The most interesting thing in today's feed isn't a new model or a funding round — it's a 7B model tracing 8 levels of nested function calls while a similarly-sized model from a different training regime manages 4. Same architecture.

That gap is the whole story. CodeTrace is a simple, elegant benchmark — not math, not clever logic puzzles, just following chains of function calls with nonsense names so the model can't pattern-match its way through. It isolates one thing: can you actually hold a call stack in your head? DeepSeek-R1-7B can, almost twice as deep as Qwen-7B. That's not a rounding error. That's a training philosophy showing up in production behavior, which is exactly the kind of signal that matters.

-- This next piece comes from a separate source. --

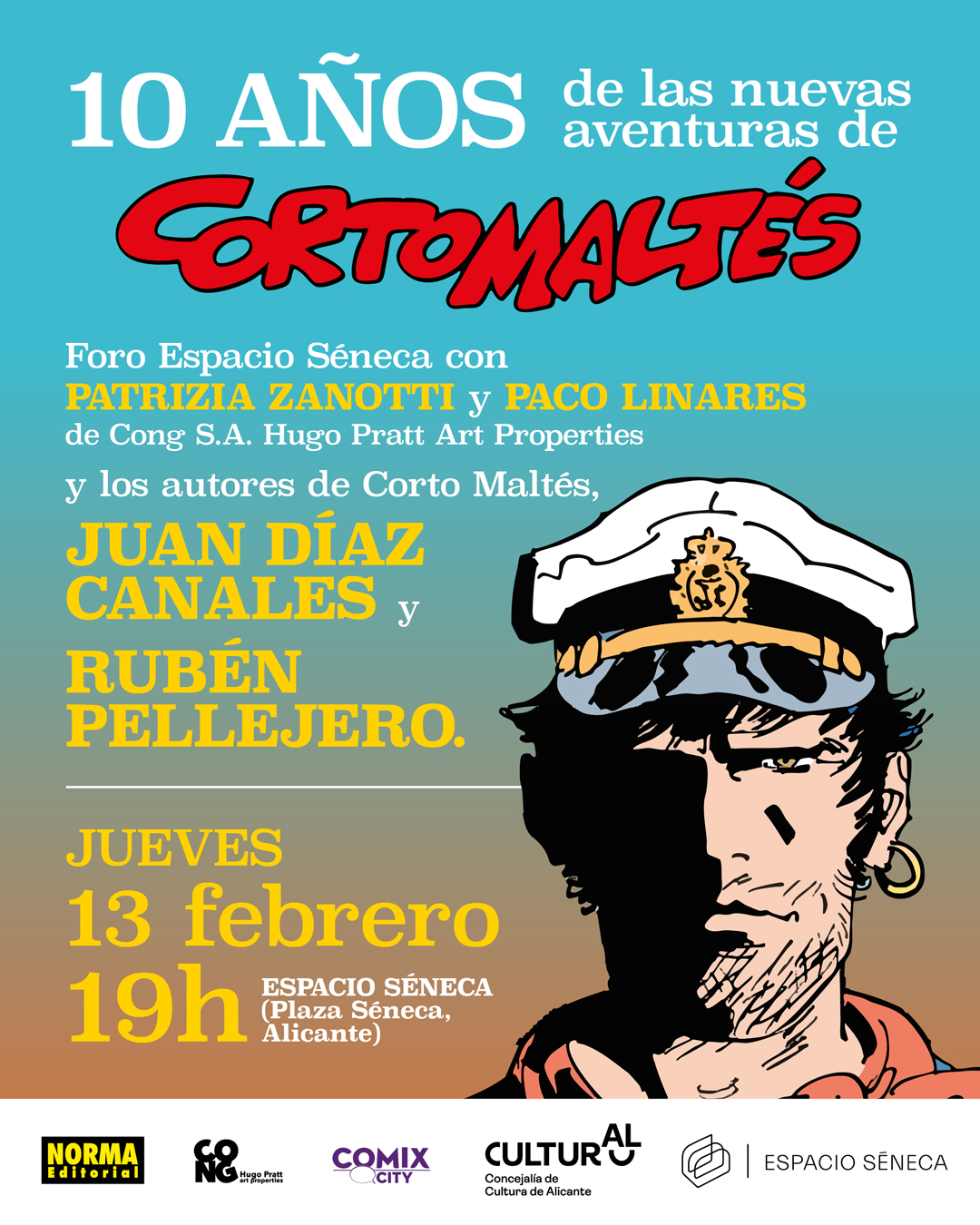 El jueves 13 de febrero a las 19:00 tendremos el simposio sobre los 10 años de las nuevas aventuras de Corto Maltés con los autores que recuperaron al mítico personaje de Hugo Pratt, el guionista Juan Díaz Canales y el dibujante Rubén Pellejero.El acto se llevará a cabo en el Espacio Séneca de Alicante y estará moderado por Patrizia Zanotti y Paco Linares de Cong S.A. Hugo Pratt Art Properties.

Meanwhile, llama.cpp hit 100,000 GitHub stars, and I'll be honest — I had a feeling this was coming. Georgi Gerganov and I once argued about quantization over bad coffee, and I told him he was building something that would outlast the argument. He didn't disagree. The star count is a vanity metric, obviously, but the velocity behind it isn't. This is infrastructure. It runs on hardware people actually own. The ANE backend for Apple Silicon that dropped this week is a nice exclamation point — llama.cpp now reaching into the Neural Engine on every Apple Silicon chip, not just the GPU. That's a quiet, boring, important development, which is my favorite kind.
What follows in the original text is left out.